Have questions?  Share them in the comments below.

9 thoughts on “Bread and dough troubleshooting guide and table

  1. does anyone know if old flour loses it’s gluten content so it won’t rise as well? my flour smelled fine, but it was over 2 years old! Organic unbleached white flour! It could be this reason when I let it rise, and then I went to touch it, shrink back to original size, and wouldn’t rise again.

  2. used new flour today. tried window pane test and it was correct. left dough in covered bowl to rise, first hour it rose a little and i poke tested it was fine, second hour was too high and poke tested and it shrunk back! and the dough is really slimy and slippery too!

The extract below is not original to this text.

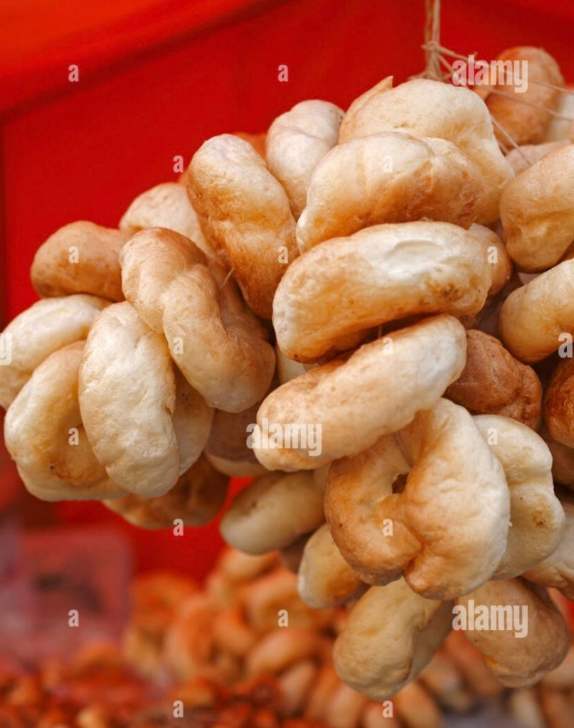 It’s lunchtime and we’re hungry, so we stop. On closer inspection there are big bundles of bagel-like things – tied together with a string, which winds its way through through all of the bagel holes. We try to ask what the bagels are – but the vendors don’t know any English.

    1. So you’re having the same problem with new flour that you did with old flour? How much volume is it gaining when it rises? Does it double in size? How much water and flour are you using? Slippery and slimy might be okay depending on the type of bread you are trying to make. You may find that a lower hydration ratio will be easier to work with though.

      1. yes I had the same problem last time with new flour. It rose 50% and held volume and then after the second hour it was double original size, but when I touched it, shrunk back to original size. I used 1 cup water and 3 eggs to make the dough with 4.5 cups flour. I think the yeast content overfermented, today I am going to just let it rise for 1 hour and not 2 because the second hour ruined it last time. It still rose 50% again in the oven when baking last time. But it was impossible to braid and make challah like the directions said after the first rise.

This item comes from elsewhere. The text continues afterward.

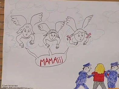 Μία ζωγραφιά που κάποιος τοποθέτησε έξω από το σπίτι της Ρούλας Πισπιρίγκου και του Μάνου Δασκαλάκη, αποτελεί μία ακόμη «γροθιά στο στομάχι» στην υπόθεση με τα νεκρά παιδιά στην Πάτρα. Ενα σκίτσο που απεικονίζει τα τρία παιδιά του ζεύγους που πέθαναν σε διάστημα λίγων χρόνων, ως αγγέλους στον ουρανό παρακολουθούν τη μητέρα τους να κρατείται από αστυνομικούς. Το πιο σπαρακτικό όμως απ' όλα είναι το «Μαμά» που λένε με μία φωνή, σε μία υπόθεση που έχει συγκλονίσει το πανελλήνιο.

        1. Yeah, I think the first loaf you were referring to overfermented since it shrank back down when you touched it.

          How did your 2nd one turn out?

          I haven’t tried baking breads with eggs, such as challah, but perhaps you could try using more flour next time. According to a few recipes I found online (such as you could probably have an extra 1 to 1.5 cups of flour to get your hydration down a bit. This should also slow the yeast’s activity.

          Are you using all-purpose flour? It’s probably okay to do so, but just curious.

          1. Last weeks loaf rose double in the oven, after shrinking beforehand like the week before. I don’t know how I would get 2 more cups of flour in there. I thought adding too much flour, it wouldn’t consolidate into a ball of dough. I always add just enough water to make sure I can make that ball. Maybe the recipe since it called for 1/4 cup sugar, that sugar was used to feed the yeast so it didn’t eat too much gluten? Not sure if yeast picks and chooses what to eat while it’s rising.

  3. I often bake chiabatta , the taste, shape and crust is very nice, but the bigger holes tends to be more to the top of the bread. That does not bother me so much, but sometimes a biiiigggg hole form just below the crust. All the way through the bread. Resulting in a sorry slice!